- WHAT IS NEEDED
Copy out the data below from the line containing "وصف المنتج –" to the line containing "A heavy duty", both lines included, with all images left out.

- SUPPLIED RECORDS
++++++++
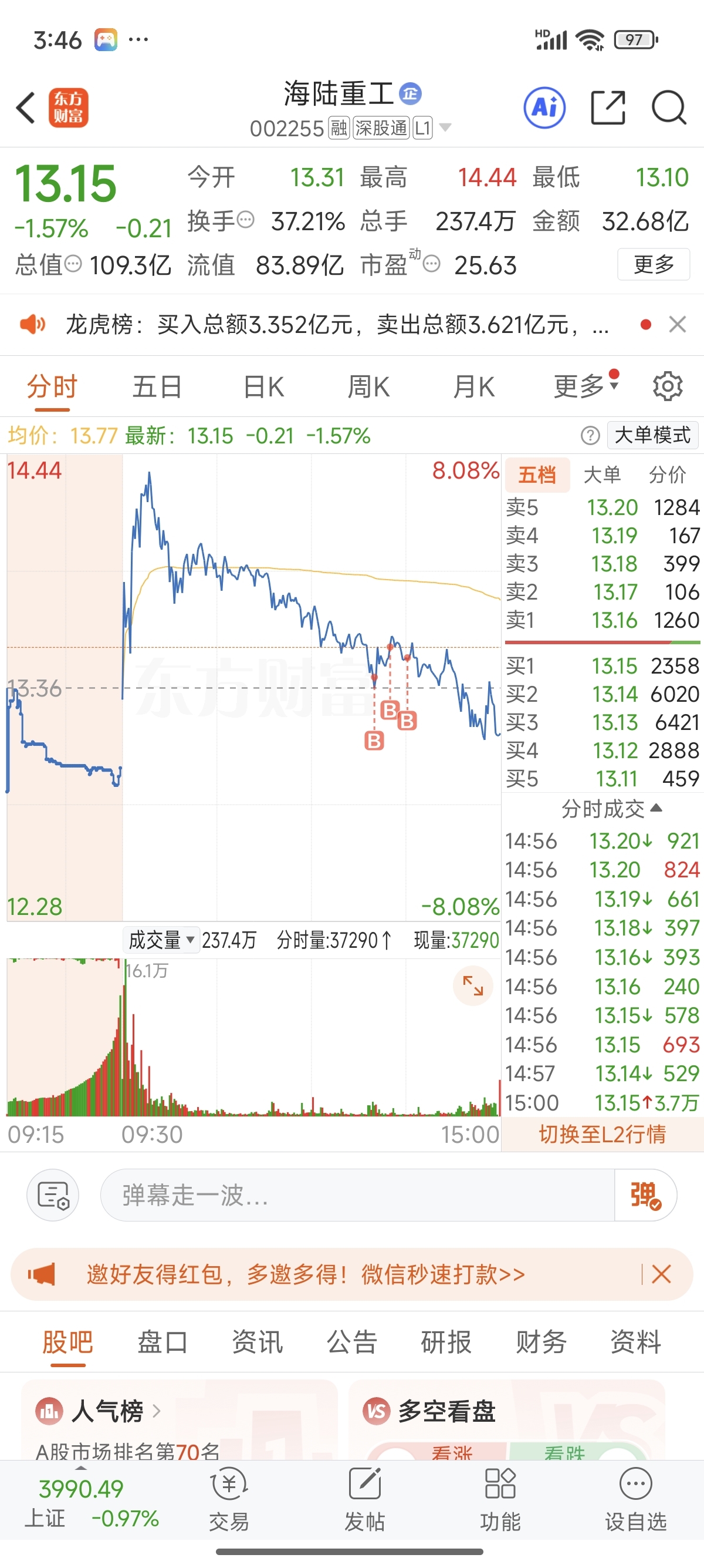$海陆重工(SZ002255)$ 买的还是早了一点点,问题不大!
++++++++
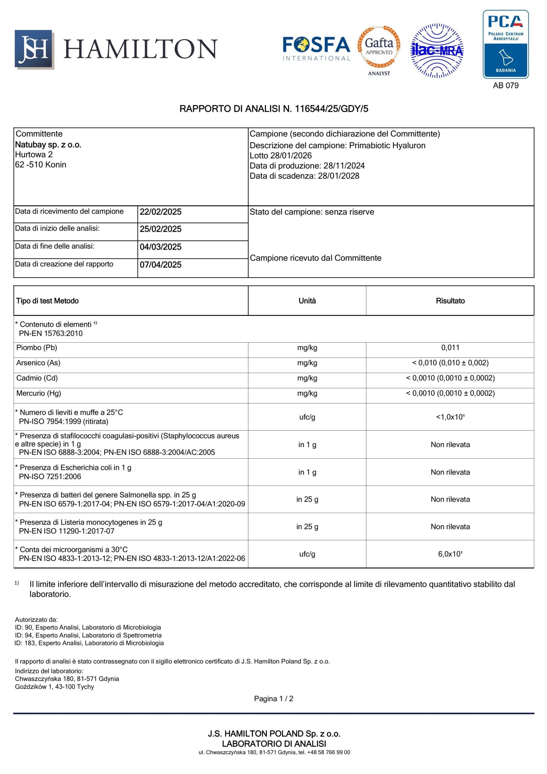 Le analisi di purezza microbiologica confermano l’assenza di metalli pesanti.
++++++++
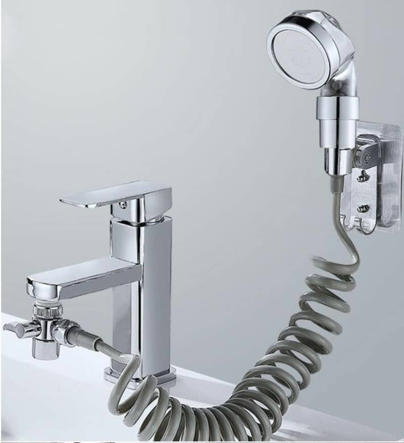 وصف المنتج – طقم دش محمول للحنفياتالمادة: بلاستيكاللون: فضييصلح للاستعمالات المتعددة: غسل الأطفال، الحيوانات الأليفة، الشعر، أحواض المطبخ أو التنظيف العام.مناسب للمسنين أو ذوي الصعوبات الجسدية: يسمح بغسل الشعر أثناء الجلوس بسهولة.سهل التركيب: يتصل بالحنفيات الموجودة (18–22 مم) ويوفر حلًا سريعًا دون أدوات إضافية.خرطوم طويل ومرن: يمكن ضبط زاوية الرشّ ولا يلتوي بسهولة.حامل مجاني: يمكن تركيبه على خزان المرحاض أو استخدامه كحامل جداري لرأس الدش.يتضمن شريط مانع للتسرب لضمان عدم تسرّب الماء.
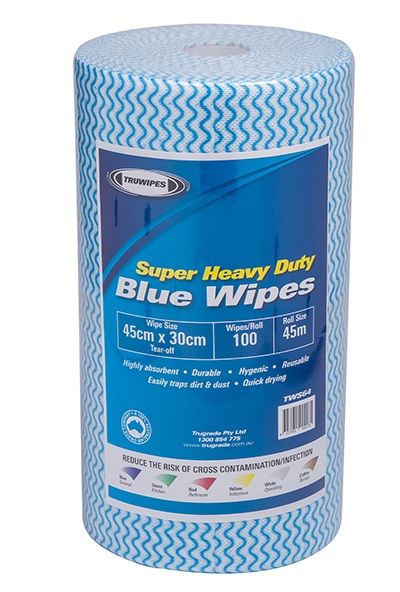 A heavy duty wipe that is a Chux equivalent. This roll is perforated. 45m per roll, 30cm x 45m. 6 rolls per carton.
++++++++
- EXPECTED ANSWER
 وصف المنتج – طقم دش محمول للحنفياتالمادة: بلاستيكاللون: فضييصلح للاستعمالات المتعددة: غسل الأطفال، الحيوانات الأليفة، الشعر، أحواض المطبخ أو التنظيف العام.مناسب للمسنين أو ذوي الصعوبات الجسدية: يسمح بغسل الشعر أثناء الجلوس بسهولة.سهل التركيب: يتصل بالحنفيات الموجودة (18–22 مم) ويوفر حلًا سريعًا دون أدوات إضافية.خرطوم طويل ومرن: يمكن ضبط زاوية الرشّ ولا يلتوي بسهولة.حامل مجاني: يمكن تركيبه على خزان المرحاض أو استخدامه كحامل جداري لرأس الدش.يتضمن شريط مانع للتسرب لضمان عدم تسرّب الماء.
 A heavy duty wipe that is a Chux equivalent. This roll is perforated. 45m per roll, 30cm x 45m. 6 rolls per carton.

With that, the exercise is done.